Question

Let ${{x}_{1}},{{x}_{2}},\ldots \ldots {{x}_{n}}$ be n observation such that $\sum{{{x}_{i}}^{2}}=400\text{ and }\sum{{{x}_{i}}}=80$. Then a possible value of n among the following is

& A.9 \\\ & B.12 \\\ & C.15 \\\ & D.18 \\\ \end{aligned}$$

Answer 1

In this question, we are given an observation along with their sum and the sum of their squares. We need to find the value of n. For this, we will use the formula of variance which is given by:
$\text{Variance}\left( \sigma \right)=\dfrac{\sum{{{x}_{i}}^{2}}}{n}-{{\left( \dfrac{\sum{{{x}_{i}}}}{n} \right)}^{2}}$
We will use the property that variance cannot be negative and then solve the formula by putting the variance greater than or equal to zero. At last, we will obtain a value of n and then match it with our options.

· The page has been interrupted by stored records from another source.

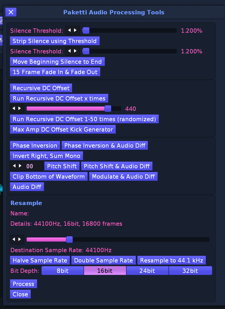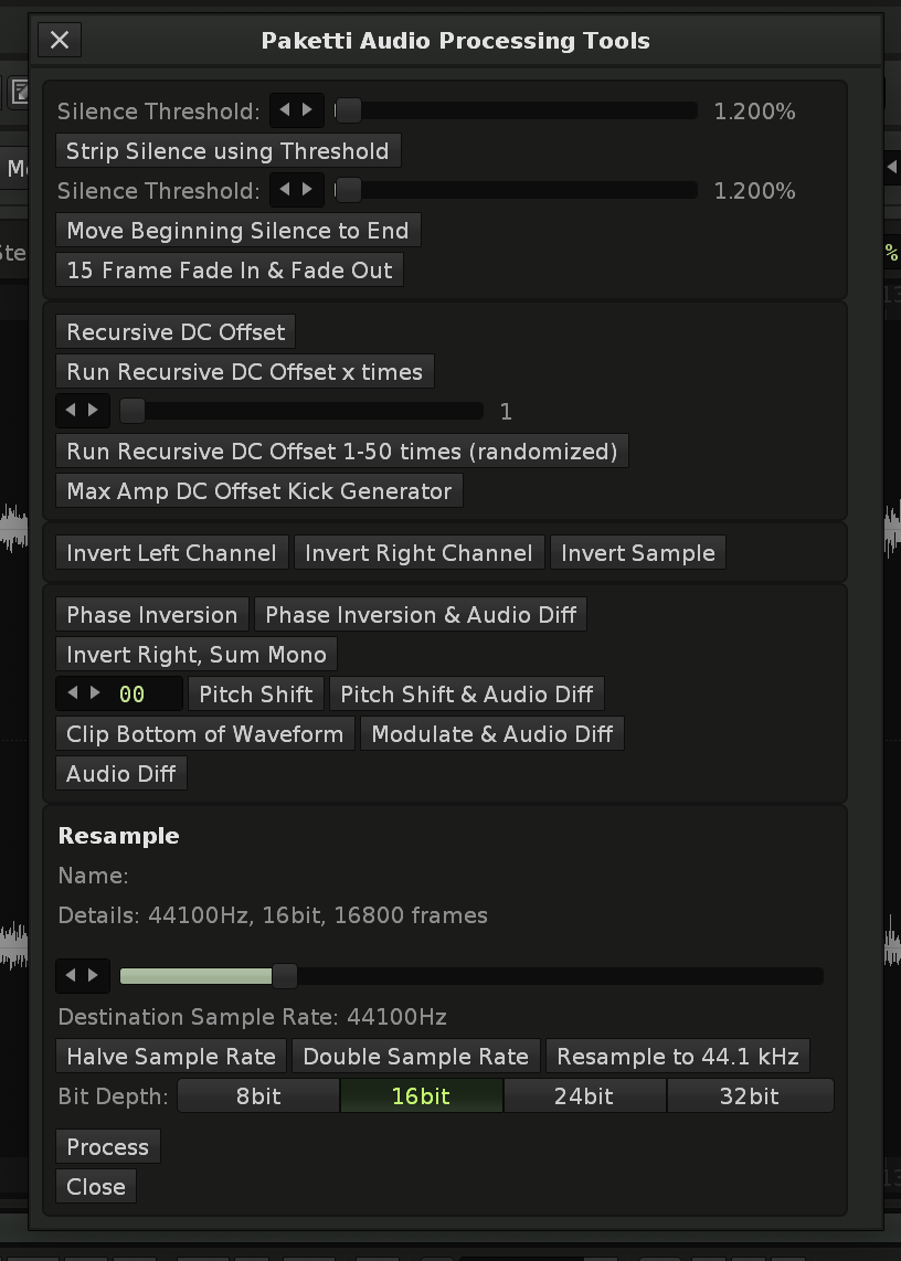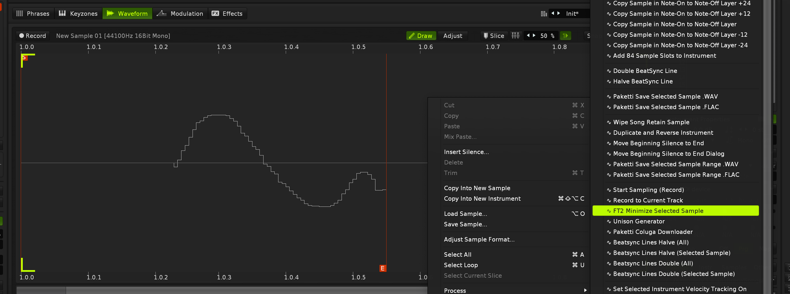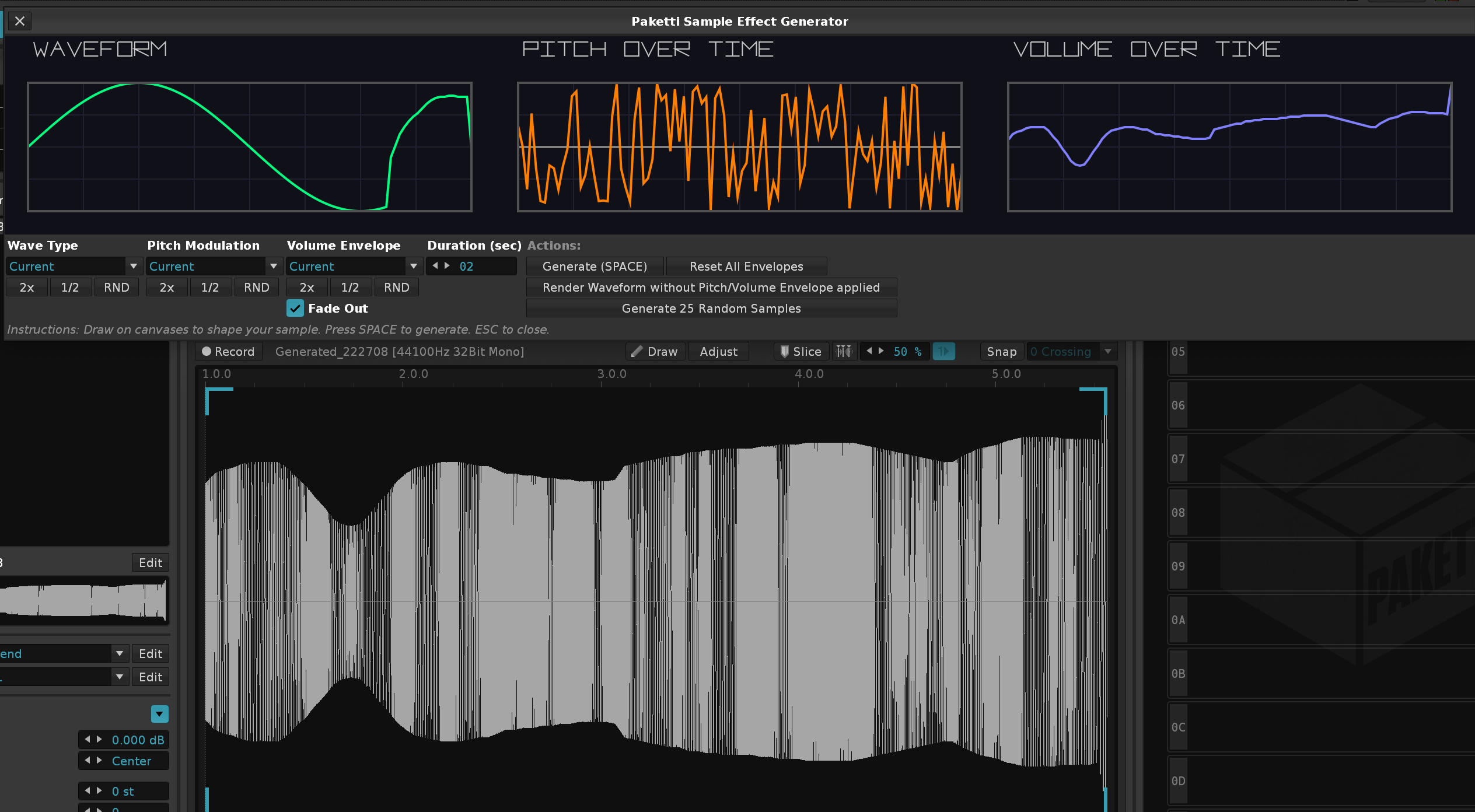 Added more waveforms (2 octave steps, 1 octave steps), tweaked the 2X / 1/2X to be less buggy, improved the interface, added Invert button for inverting, added a Live Audition mode, so basically, draw and let go of drawing and it is rendered. Added Paketti Loader Settings (Interpolation, Oversampling, Autofade, other settings).. Added Random Steps for pitch loops, tweaked the Fade out to be less clicky. Also tunes the sample to a440hz so it'll, if using Octave Steps, for instance, match with a plugin played on the same instrument. Also added Process Slicing to the 25 Random samples, and made it less random (not random,random,random for 25 samples - instead, randomly pick something from the dropdown menus for Waveform, Pitch and Volume.)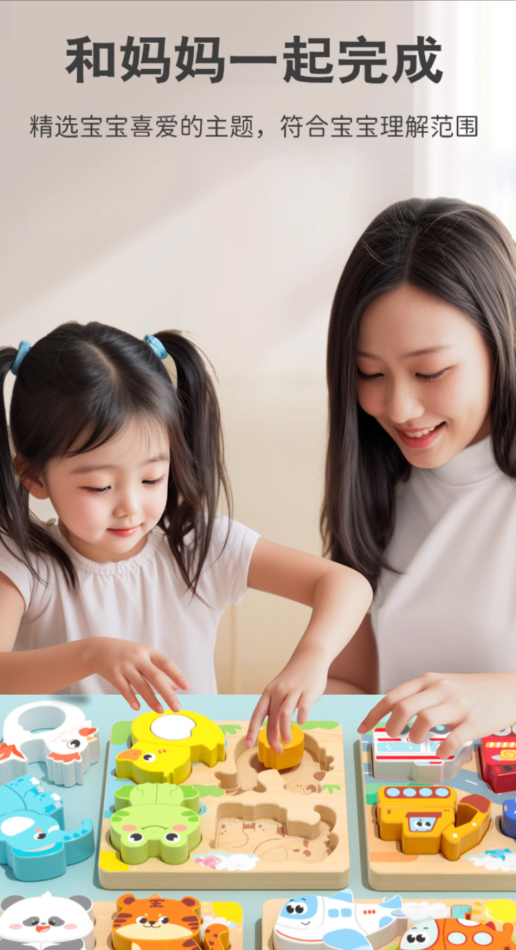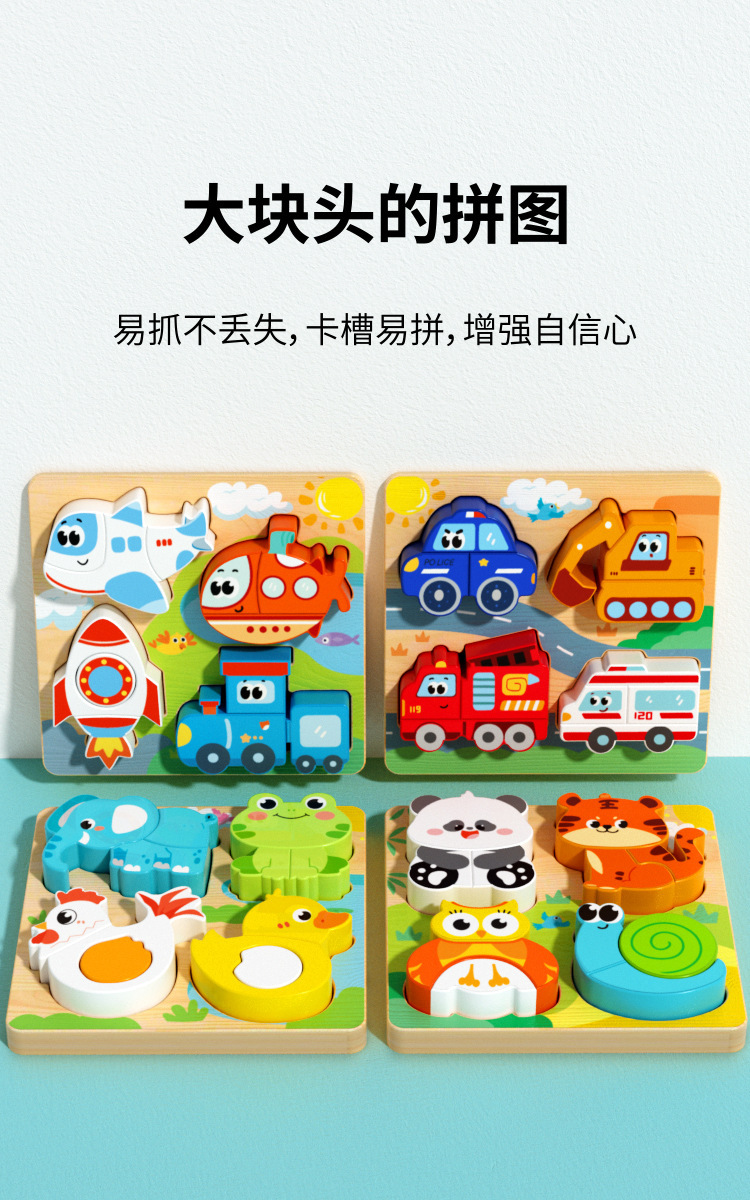 교육용 어린이 퍼즐 3D 입체 장난감 몬테소리 나무 아기 동물 빌딩 블록 문맹 퇴치 1세 반 2~3세스토어 가기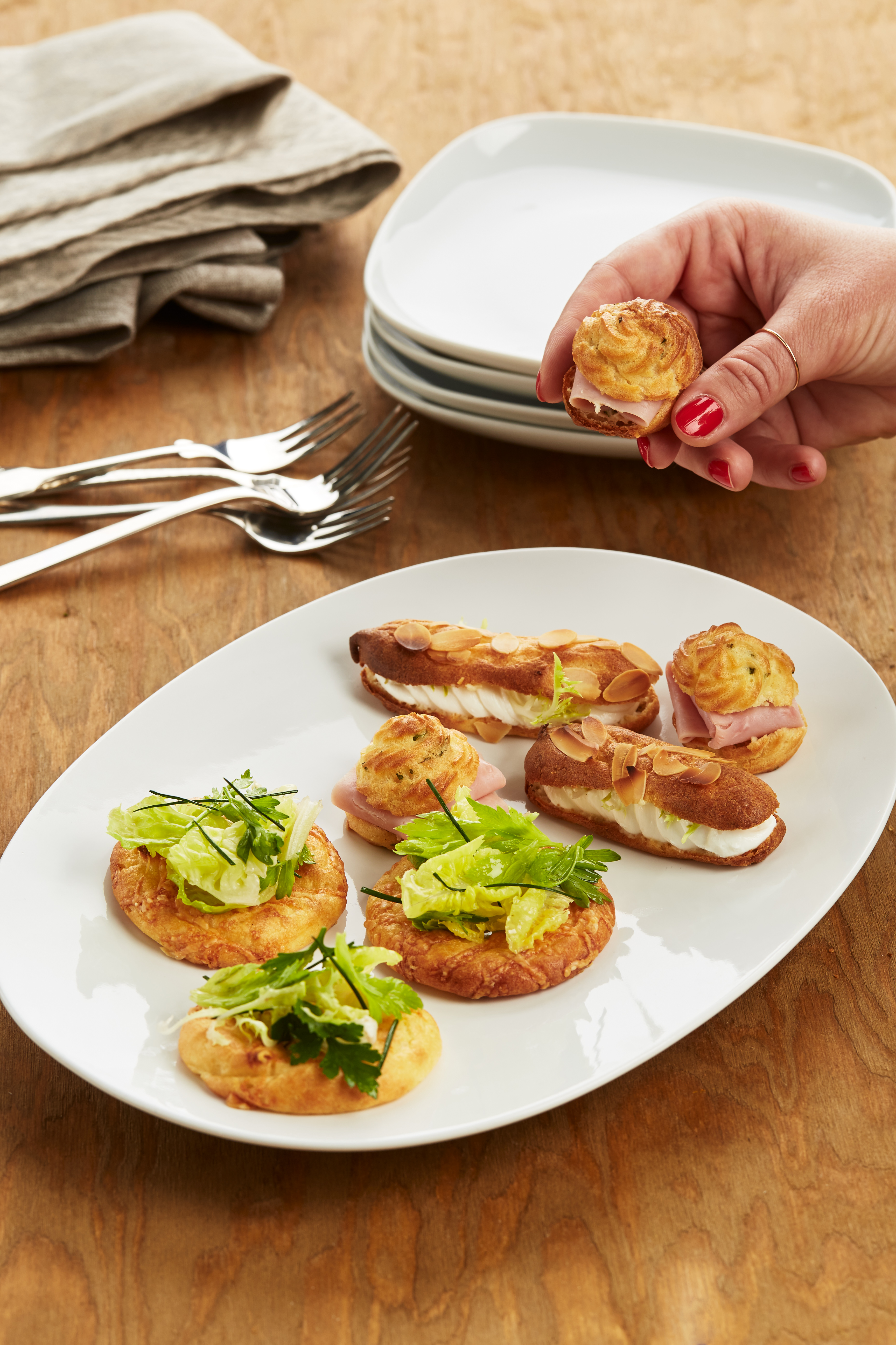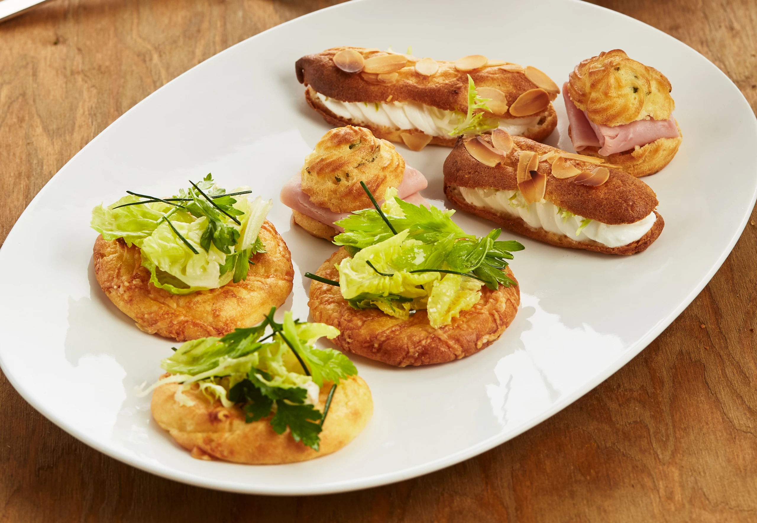 Stangerl und Krapferl horizontal durchschneiden. Stangerl mit Frischkäse, Krapferl mit Schinken füllen. Ringe mit Salat, Petersilie und Schnittlauch garnieren.

Complete step-by-step solution
Here, we are given the n observations as ${{x}_{1}},{{x}_{2}},\ldots \ldots {{x}_{n}}$. The sum of these n terms denoted by $\sum{{{x}_{i}}}$ is equal to 80. The sum of the squares of these n terms denoted by $\sum{{{x}_{i}}^{2}}$ is equal to 400. Now we know that, formula for calculating variance is given by $\sigma =\dfrac{\sum{{{x}_{i}}^{2}}}{n}-{{\left( \dfrac{\sum{{{x}_{i}}}}{n} \right)}^{2}}$ where n is the number of observations, $\sigma$ is variance.
As we know, the variance cannot be negative so we can say that $\sigma \ge 0$.
Since $\sigma$ was equal to $\dfrac{\sum{{{x}_{i}}^{2}}}{n}-{{\left( \dfrac{\sum{{{x}_{i}}}}{n} \right)}^{2}}$ so we get:
$\dfrac{\sum{{{x}_{i}}^{2}}}{n}-{{\left( \dfrac{\sum{{{x}_{i}}}}{n} \right)}^{2}}\ge 0$.
Now putting in the value of $\sum{{{x}_{i}}^{2}}$ as 400 as the value of $\sum{{{x}_{i}}}$ as 80, we get:
$\dfrac{400}{n}-{{\left( \dfrac{80}{n} \right)}^{2}}\ge 0$.
Square of 80 can be calculated as $8\times 8\times 10\times 10=64\times 100=6400$. Hence, we get:
$\dfrac{400}{n}-\dfrac{6400}{{{n}^{2}}}\ge 0$.
Taking negative term to the other side, we get:
$\dfrac{400}{n}\ge \dfrac{6400}{{{n}^{2}}}$.
As we can see, n is in the denominator of both sides, so it cancels out. Hence we get:
$400\ge \dfrac{6400}{n}$.
Cross multiplying we get:
$400n\ge 6400$.
Dividing both sides by 400 we get:
$\dfrac{400n}{400}\ge \dfrac{6400}{400}$.
Now 400 cancels out on the left side and $\dfrac{6400}{400}$ is equal to 16. So we get:
$n\ge 16$.
Hence, we get a value of n that is 16 or greater than 16. Now taking a look at our options, we see that only 18 is greater than 16. So 18 is our correct answer.
Hence option D is the correct answer.

Note: Students can make mistakes in formulas of variance. They can get confused between the terms $\dfrac{\sum{{{x}_{i}}^{2}}}{n}\text{ and }{{\left( \dfrac{\sum{{{x}_{i}}}}{n} \right)}^{2}}$. First, we have added squared terms and then divided by n. In second, we have taken the sum of terms, divided it by n, and then taken the whole square. This question has multiple answers if options are not given.